Well, I still oppose getting rid of chicken skins altogether, although I don't know enough about leather-working to really speak authoritatively on the subject. It does at least seem to be possible, though (
http://www.bushcraftuk.com/forum/showthread.php?t=9971). Besides, how would Toady even draw the line between leather-giving animals and non-leather-giving animals? Size? A running list based on real-world resources? My expectation would be that anything with a skin can be tanned. Heck, even fish were used to make shoes in WWII era Denmark. (Again, though, I'm only a lay-person on the subject, so have a grain of salt).
If skins were treated the same as metal bars, needing multiples of the same kind (e.g., 3x chicken leather) to make one thing, that should clear up the balance issue pretty well; although I don't know if leather really can't be mixed in real life.

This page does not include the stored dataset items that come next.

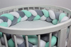 SenLove Ochraniacz do Łóżeczka Warkocz 360cm Szaro-Biało-Miętowy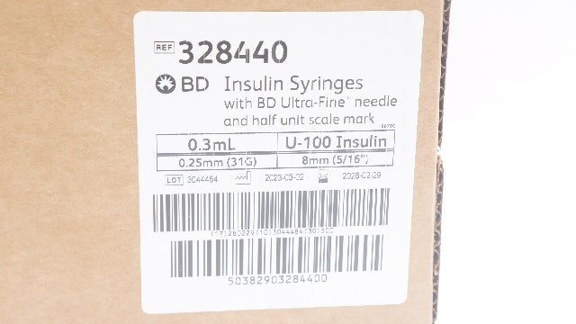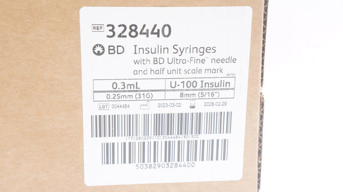 - BD 328440 Insulin Syringes W/Ultra Fine Ndle 0.3mL, 31G x 5/16In - Box of 100
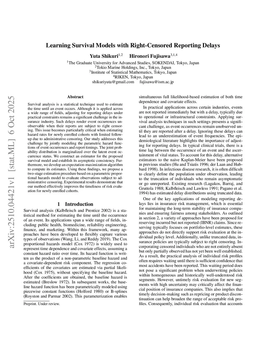 Survival analysis is a statistical technique used to estimate the time until an event occurs. Although it is applied across a wide range of fields, adjusting for reporting delays under practical constraints remains a significant challenge in the insurance industry. Such delays render event occurrences unobservable when their reports are subject to right censoring. This issue becomes particularly critical when estimating hazard rates for newly enrolled cohorts with limited follow-up due to administrative censoring. Our study addresses this challenge by jointly modeling the parametric hazard functions of event occurrences and report timings. The joint probability distribution is marginalized over the latent event occurrence status. We construct an estimator for the proposed survival model and establish its asymptotic consistency. Furthermore, we develop an expectation-maximization algorithm to compute its estimates. Using these findings, we propose a two-stage estimation procedure based on a parametric proportional hazards model to evaluate observations subject to administrative censoring. Experimental results demonstrate that our method effectively improves the timeliness of risk evaluation for newly enrolled cohorts.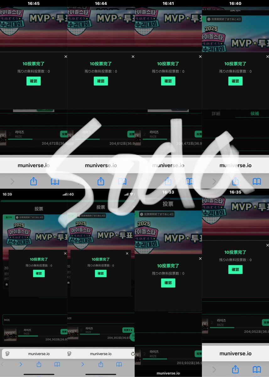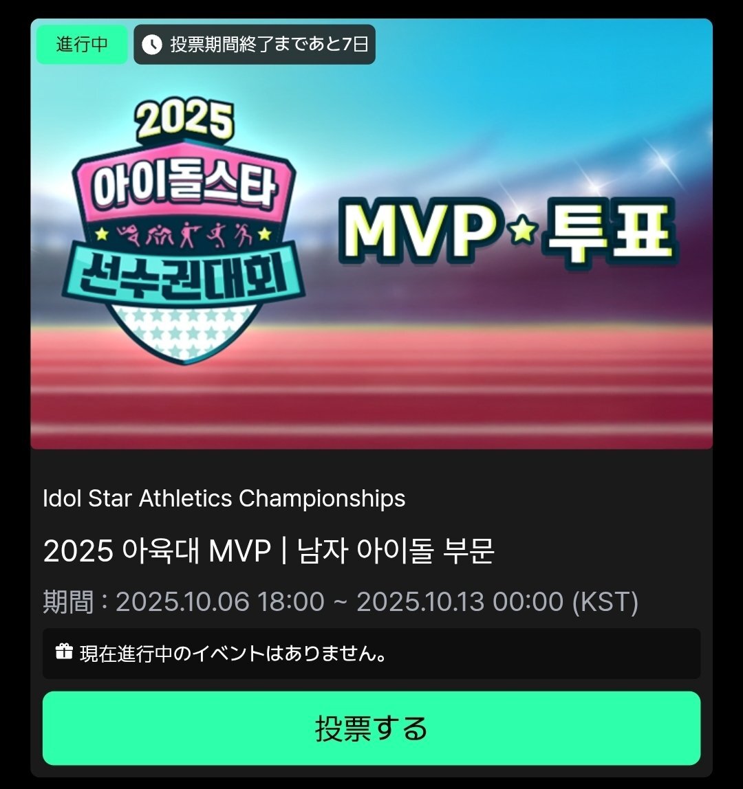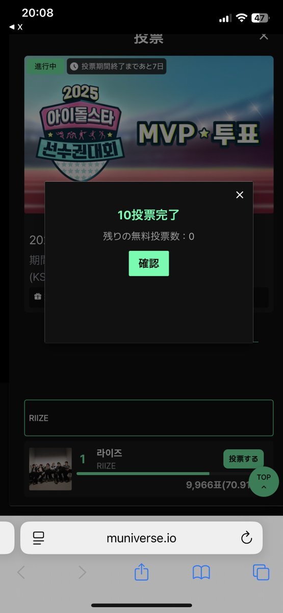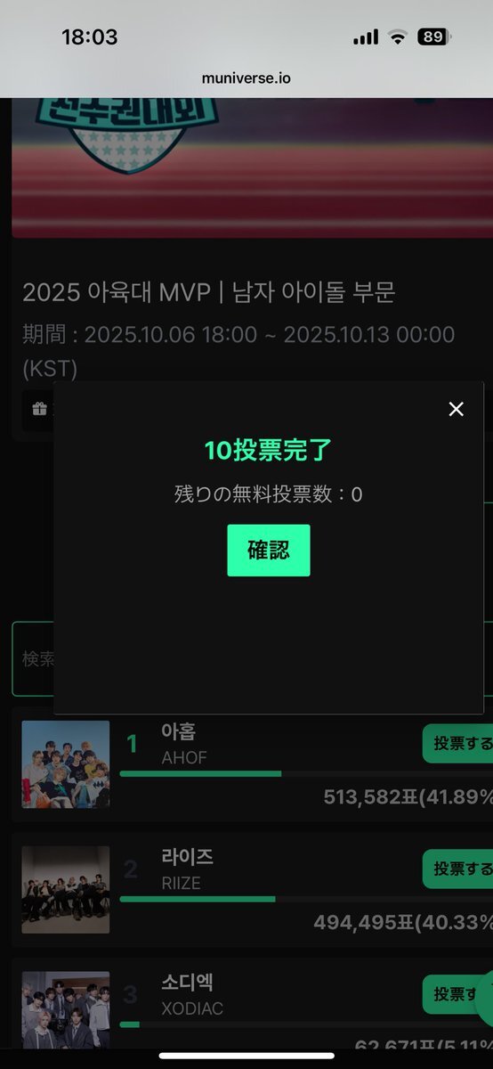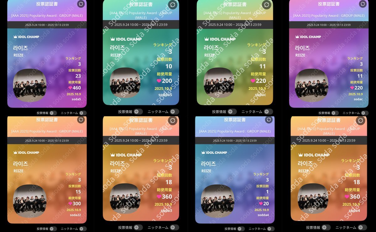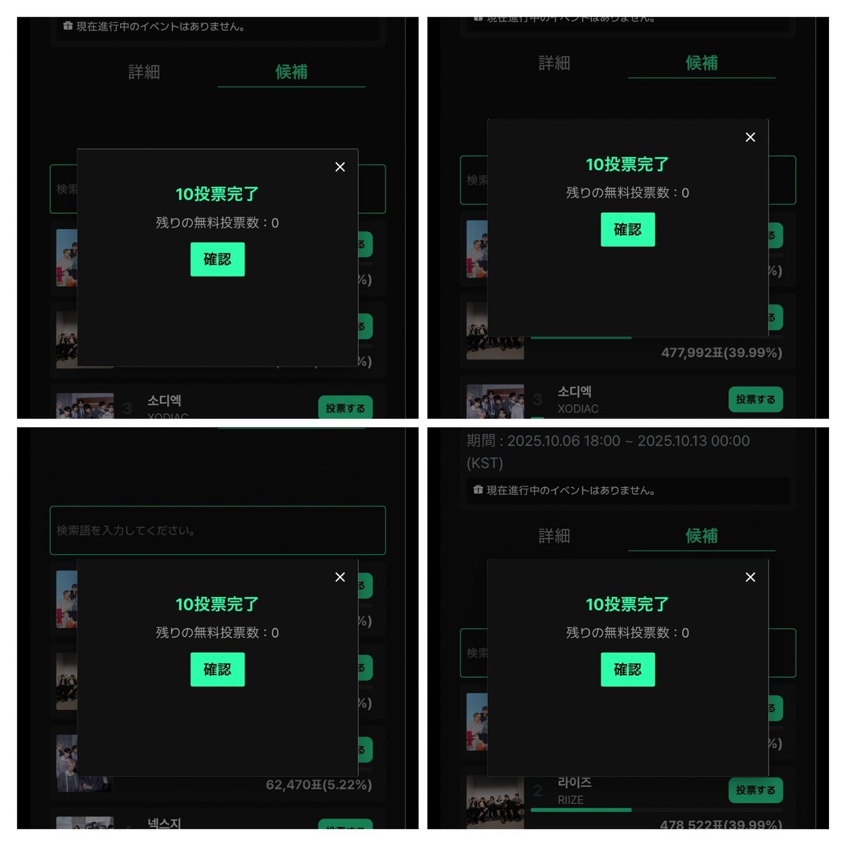 【アイドル陸上選手権(アユクデ) MVP投票状況】 2025.10.08 10:00 📝「男性アイドル部門」でRIIZEに投票してください 🚨抜かされそうです‼️ すぐに複数アカウントを作成し、各アカウントで10票投票してください 📝アカウントはメアドの数だけ作成出来ます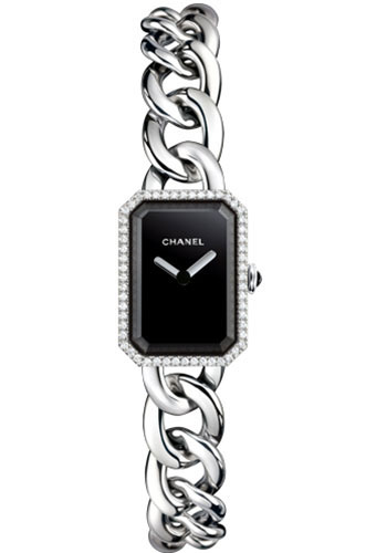 16mm x 22mm x 6.2mm stainless steel case, solid back, onyx cabochon crown, steel bezel set with 56 brilliant-cut diamonds (~ 0.19 carats), black lacquered dial, high-precision quartz movement with hours, minutes, steel chain bracelet, buckle in steel. Water resistant to 30 meters.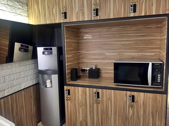 旁邊還有微波爐和飲水機,然後還有,更多的置物櫃XDD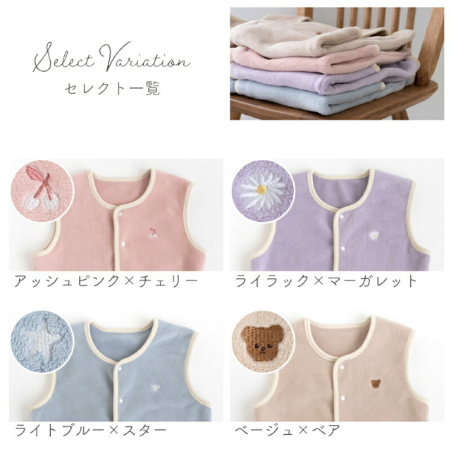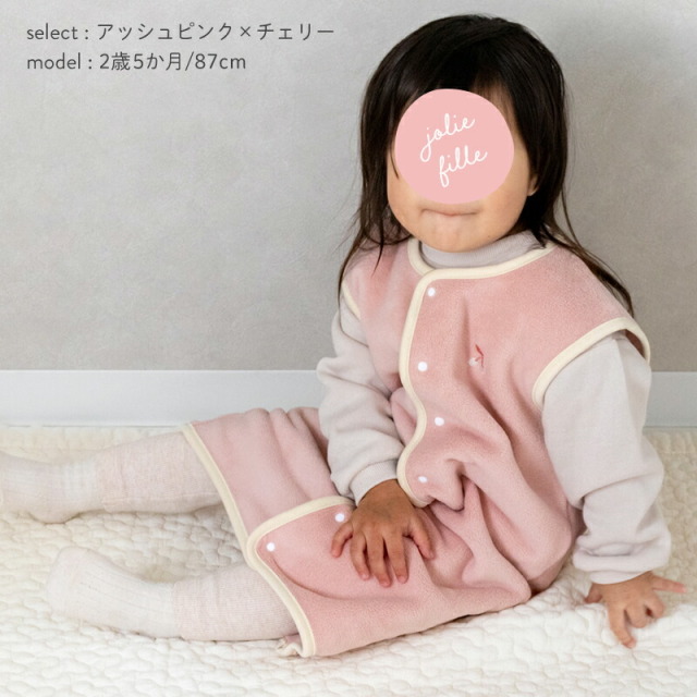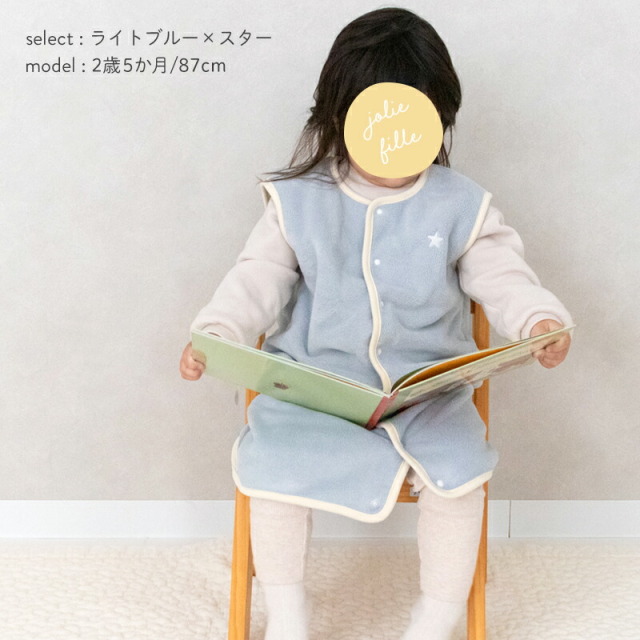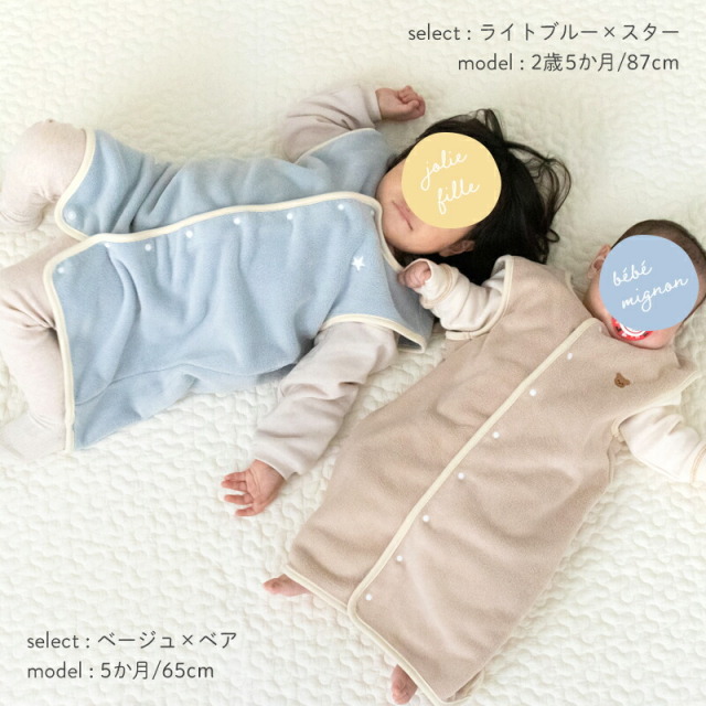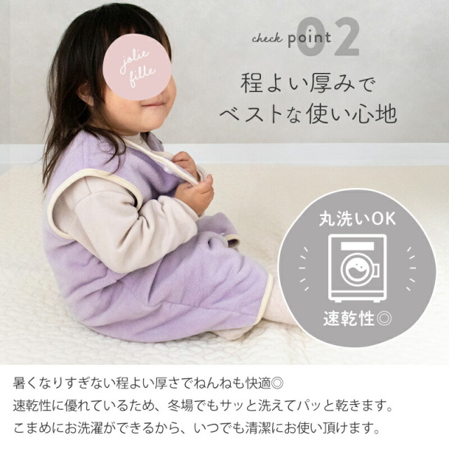薄くて軽く、保温力に定評のあるマイクロフリースを使用。マシュマロみたいにふんわりと柔らかく、思わず頬ずりしたくなるやさしい肌触りです。伸縮性のある生地で動きやすく、元気なベビーやキッズにぴったり。

Still, just raising the production cost of items at all should be a help, as would requiring stitching (another unit of cloth/leather eaten, with possible item value increase as a trade-off), or making egg-production dependent on diet, or allowing "friendly fire" between animals on the fort.
If chickens require protection from any non-grazing animal, whether tame or wild, the time and resources spent building a walled nesting area and herding them into it (only to lose them to hawks anyway) should more than make up for the eggs and skin. Heck, we might all be back here demanding more eggs per chicken in order to compensate.
P.S. I edited out the blunter part of my post, sorry about that. Why do I always have to sound like an arrogant dork on the internet?
It is the internet's main function. I've been a victim of it myself many times, I'm sure.